ロマンチックモード

日常と映画と本と音楽について

第19話 感情について

5月30日、2日前に痛ましい事件が起きてしまって、それ以降考えていることがある。


5月27日に椎名林檎の「三毒史」というアルバムが発売になった。40歳を迎えた彼女はいよいよその美しさに磨きをかけさらに強くなり、まだその歌詞の内容は全てをかみ砕くことはできずにいるけれど、少なくとも耳で聴いている分には最高に気持ちよく格好いいアルバムだと感じている。
普段あまりそういうことはしないのだけれど、昨年行われた彼女のライブをテレビで見ることができ、あまりの完璧さに感動して、今回のアルバムについて行われている露出を見ている。

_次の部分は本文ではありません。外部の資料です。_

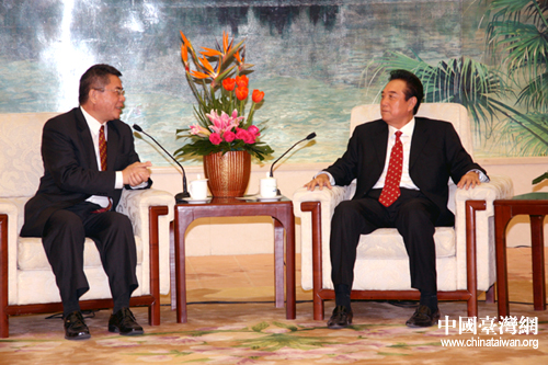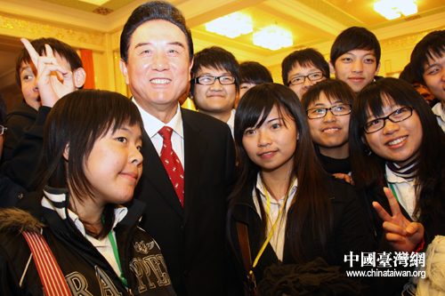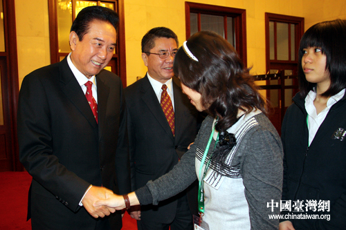 海峡两岸关系协会会长陈云林,25日在北京会见了来京交流的广东东莞台商子弟学校董事长叶宏灯及其率领的该校160多名师生代表。东莞台商子弟学校成立于1997年,是第一所专门为解决台胞子女在大陆就读问题而建立的学校,目前有学生1700多人。(中国台湾网 李徽 摄)

三毒史」。貪り、憎しみ、愚かさの三毒に侵された市井の人々の曲が収められている。このアルバムは「至上の人生」からフィーチャーされていたお経から始まる。はるか昔から、みなに等しく授けられたお経というありがたい真言があるというのに、我々はいまだに三毒に苦しんでいる、と各所で表現していた。後半については言いかえればかなり辛口な風刺のようでもある。


実際このアルバムに収録されている曲の歌詞は、どれも絶望的に救いがないように見える。救いがない、というか、どちらかしかないのだ。喘ぎ苦しんでいるか、まあでも人生こんなもんだよね、の2種類しかない。エピローグを除いた最後を締めくくるのはトータス松本との「目抜き通り」なのだが、発売当時から思っていたことがある。「あの世でもらう批評が本当なのさ」という一文。もうこの世をとうに諦めているような、そう言うことで苦汁に満ちたこの世に納得を付けるような言いぶりで幕を締める。真言があるのに我々はいまだ苦しんでいる。そこから解放されるのはあの世へ行くときだけなのだ。その行き先が、上か下かが分かるときに、ようやくこの世での評価が下される。


ここ最近、MARVEL作品を観続けていた。「アベンジャーズ」というのは、復讐者だ。だが、実際に復讐心にかられた時何が起こるのか、このシリーズはヒーローの格好良さや笑いに包みながら何度も表現していた。復讐心からは何も生まれない。生まれないどころか、いつだって物事を悪い方向へ導く。これを再三に渡って表現している。


痛ましい事件が起こり、犯人の口も閉ざされたと分かった時、気持ちの行き場というものをずっと考えていた。


「恨み」「怒り」という感情が生まれる。この感情は犯人の生死に関わらず残る。まず最初に思ったのは「矛先の在り処」だった。でも感情に矛先は必要なのだろうか?


一瞬、そもそも「恨み」「怒り」という感情自体を手放せば、とも思ったが、そんなわけあるか、とこれまた一瞬で否定した。神でも仏でもあるまいし、というか仏ですら三度までとか言っているのだ…とグダグダ考えていて、ふと気付いた。むしろ、唯一感情だけが誰からも指図されず持てるものなのではないかと。


そして、その感情の矛先が実在しなければならないなんてことはない、と思った。どちらにしろ恨んで怒るだけだからだ。ひとしきり嘆き、悲しみ、恨み、怒り、あいつめ、と責めたて、疲れたら休めばいい。そうして、少しずつ、いわゆる「生活」ができるようになるのが理想だ。24時間365日その感情でいることは恐らく不可能だ。すごく疲れる。その感情を出すことに疲れたら、生活する。そしてまたその感情が湧いてきたら、修まるまで恨めばいいと思う。


つまり、思うだけなら自由だと、自由であるべきだと思った。我々は救われない。でも復讐心は何も生まない。できることは、思うことだけだ。そしていつかこの世とお別れする時に、思うだけで留めたことを評価される日がきっと来る。そう考えずにはいられないのだ。